#### THE TASK:
Your output should be the complete listing, word for word, with no pictures in it.
*** DATA SHOWN Section Begins ***
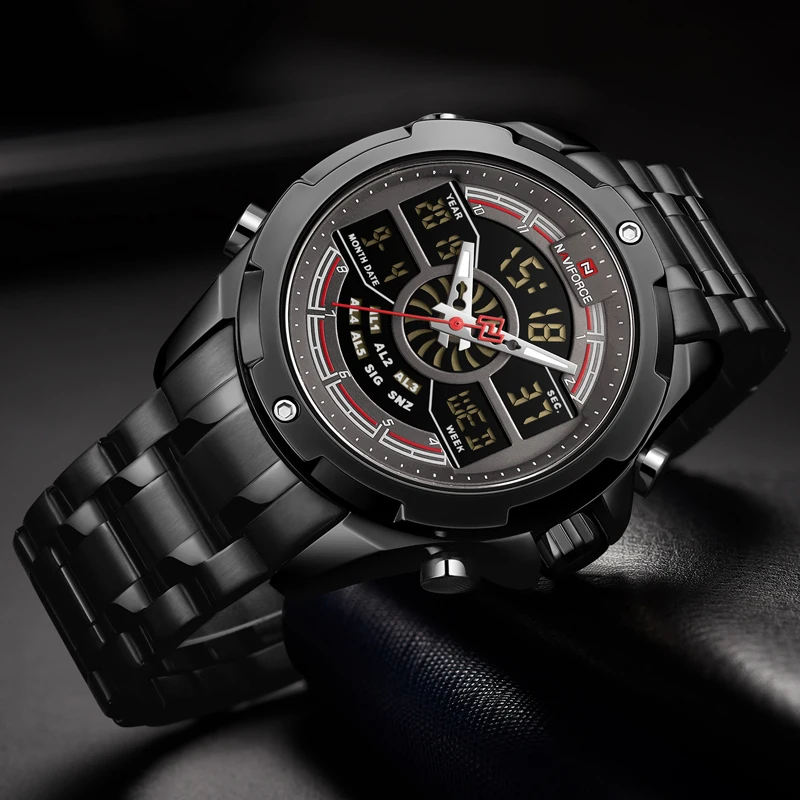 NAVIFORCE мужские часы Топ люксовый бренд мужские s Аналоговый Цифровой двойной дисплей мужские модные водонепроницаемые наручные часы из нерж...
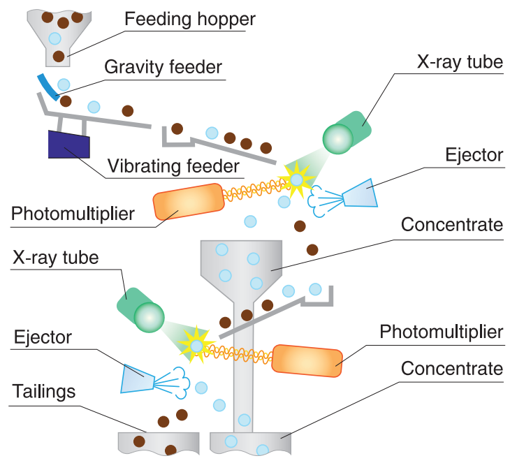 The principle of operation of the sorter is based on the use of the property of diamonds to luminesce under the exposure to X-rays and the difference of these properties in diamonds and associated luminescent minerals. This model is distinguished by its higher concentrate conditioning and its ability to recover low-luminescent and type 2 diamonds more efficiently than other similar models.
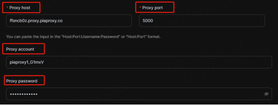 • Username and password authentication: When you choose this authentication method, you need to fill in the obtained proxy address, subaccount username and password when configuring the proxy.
*** DATA SHOWN Section Ends ***
#### EXERCISE ANSWER:
 NAVIFORCE мужские часы Топ люксовый бренд мужские s Аналоговый Цифровой двойной дисплей мужские модные водонепроницаемые наручные часы из нерж...
 The principle of operation of the sorter is based on the use of the property of diamonds to luminesce under the exposure to X-rays and the difference of these properties in diamonds and associated luminescent minerals. This model is distinguished by its higher concentrate conditioning and its ability to recover low-luminescent and type 2 diamonds more efficiently than other similar models.
 • Username and password authentication: When you choose this authentication method, you need to fill in the obtained proxy address, subaccount username and password when configuring the proxy.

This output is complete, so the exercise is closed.